• [DATA SECTION]:
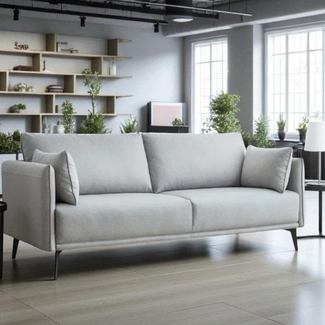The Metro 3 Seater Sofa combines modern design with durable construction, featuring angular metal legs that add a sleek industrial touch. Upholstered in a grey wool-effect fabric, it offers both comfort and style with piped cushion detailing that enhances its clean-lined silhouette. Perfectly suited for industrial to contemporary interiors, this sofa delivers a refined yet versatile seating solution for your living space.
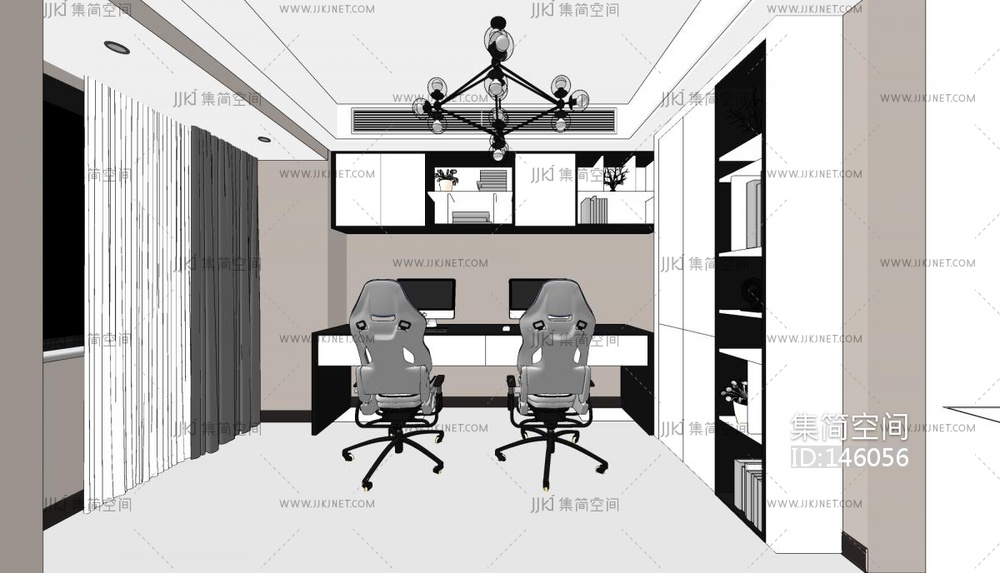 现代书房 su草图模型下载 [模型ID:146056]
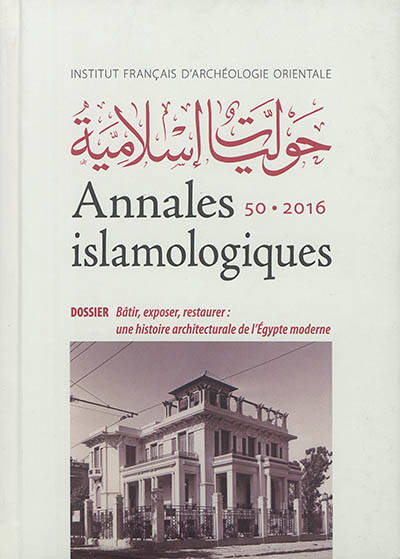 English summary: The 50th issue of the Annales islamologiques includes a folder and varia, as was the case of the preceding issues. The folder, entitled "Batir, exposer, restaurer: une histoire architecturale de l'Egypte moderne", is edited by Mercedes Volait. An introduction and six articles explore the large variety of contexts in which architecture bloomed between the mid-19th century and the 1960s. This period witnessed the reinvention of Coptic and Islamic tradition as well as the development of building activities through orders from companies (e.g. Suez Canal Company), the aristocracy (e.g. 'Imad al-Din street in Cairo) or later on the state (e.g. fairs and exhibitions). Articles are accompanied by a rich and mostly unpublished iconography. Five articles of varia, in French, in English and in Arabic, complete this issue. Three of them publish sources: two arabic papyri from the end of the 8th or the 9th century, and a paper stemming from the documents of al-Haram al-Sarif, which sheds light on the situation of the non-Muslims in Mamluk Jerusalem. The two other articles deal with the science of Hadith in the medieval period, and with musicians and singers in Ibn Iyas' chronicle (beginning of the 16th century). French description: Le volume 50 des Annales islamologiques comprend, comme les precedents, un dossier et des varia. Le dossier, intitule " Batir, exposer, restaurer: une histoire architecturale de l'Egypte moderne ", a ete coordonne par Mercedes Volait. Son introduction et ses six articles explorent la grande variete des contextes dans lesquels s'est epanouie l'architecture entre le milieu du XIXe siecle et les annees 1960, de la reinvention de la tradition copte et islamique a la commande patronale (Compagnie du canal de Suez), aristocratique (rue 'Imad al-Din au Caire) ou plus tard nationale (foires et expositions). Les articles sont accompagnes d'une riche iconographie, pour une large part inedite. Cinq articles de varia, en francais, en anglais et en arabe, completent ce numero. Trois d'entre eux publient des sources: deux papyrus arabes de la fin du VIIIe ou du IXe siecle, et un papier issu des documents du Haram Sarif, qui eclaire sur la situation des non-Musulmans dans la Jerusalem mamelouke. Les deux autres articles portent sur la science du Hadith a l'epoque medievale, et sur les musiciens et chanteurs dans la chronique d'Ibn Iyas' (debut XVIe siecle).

• [EXERCISE DETAILS]:
Everything above except the pictures needs to be reproduced exactly.

• [REPLY TO THE EXERCISE]:
The Metro 3 Seater Sofa combines modern design with durable construction, featuring angular metal legs that add a sleek industrial touch. Upholstered in a grey wool-effect fabric, it offers both comfort and style with piped cushion detailing that enhances its clean-lined silhouette. Perfectly suited for industrial to contemporary interiors, this sofa delivers a refined yet versatile seating solution for your living space.
 现代书房 su草图模型下载 [模型ID:146056]
 English summary: The 50th issue of the Annales islamologiques includes a folder and varia, as was the case of the preceding issues. The folder, entitled "Batir, exposer, restaurer: une histoire architecturale de l'Egypte moderne", is edited by Mercedes Volait. An introduction and six articles explore the large variety of contexts in which architecture bloomed between the mid-19th century and the 1960s. This period witnessed the reinvention of Coptic and Islamic tradition as well as the development of building activities through orders from companies (e.g. Suez Canal Company), the aristocracy (e.g. 'Imad al-Din street in Cairo) or later on the state (e.g. fairs and exhibitions). Articles are accompanied by a rich and mostly unpublished iconography. Five articles of varia, in French, in English and in Arabic, complete this issue. Three of them publish sources: two arabic papyri from the end of the 8th or the 9th century, and a paper stemming from the documents of al-Haram al-Sarif, which sheds light on the situation of the non-Muslims in Mamluk Jerusalem. The two other articles deal with the science of Hadith in the medieval period, and with musicians and singers in Ibn Iyas' chronicle (beginning of the 16th century). French description: Le volume 50 des Annales islamologiques comprend, comme les precedents, un dossier et des varia. Le dossier, intitule " Batir, exposer, restaurer: une histoire architecturale de l'Egypte moderne ", a ete coordonne par Mercedes Volait. Son introduction et ses six articles explorent la grande variete des contextes dans lesquels s'est epanouie l'architecture entre le milieu du XIXe siecle et les annees 1960, de la reinvention de la tradition copte et islamique a la commande patronale (Compagnie du canal de Suez), aristocratique (rue 'Imad al-Din au Caire) ou plus tard nationale (foires et expositions). Les articles sont accompagnes d'une riche iconographie, pour une large part inedite. Cinq articles de varia, en francais, en anglais et en arabe, completent ce numero. Trois d'entre eux publient des sources: deux papyrus arabes de la fin du VIIIe ou du IXe siecle, et un papier issu des documents du Haram Sarif, qui eclaire sur la situation des non-Musulmans dans la Jerusalem mamelouke. Les deux autres articles portent sur la science du Hadith a l'epoque medievale, et sur les musiciens et chanteurs dans la chronique d'Ibn Iyas' (debut XVIe siecle).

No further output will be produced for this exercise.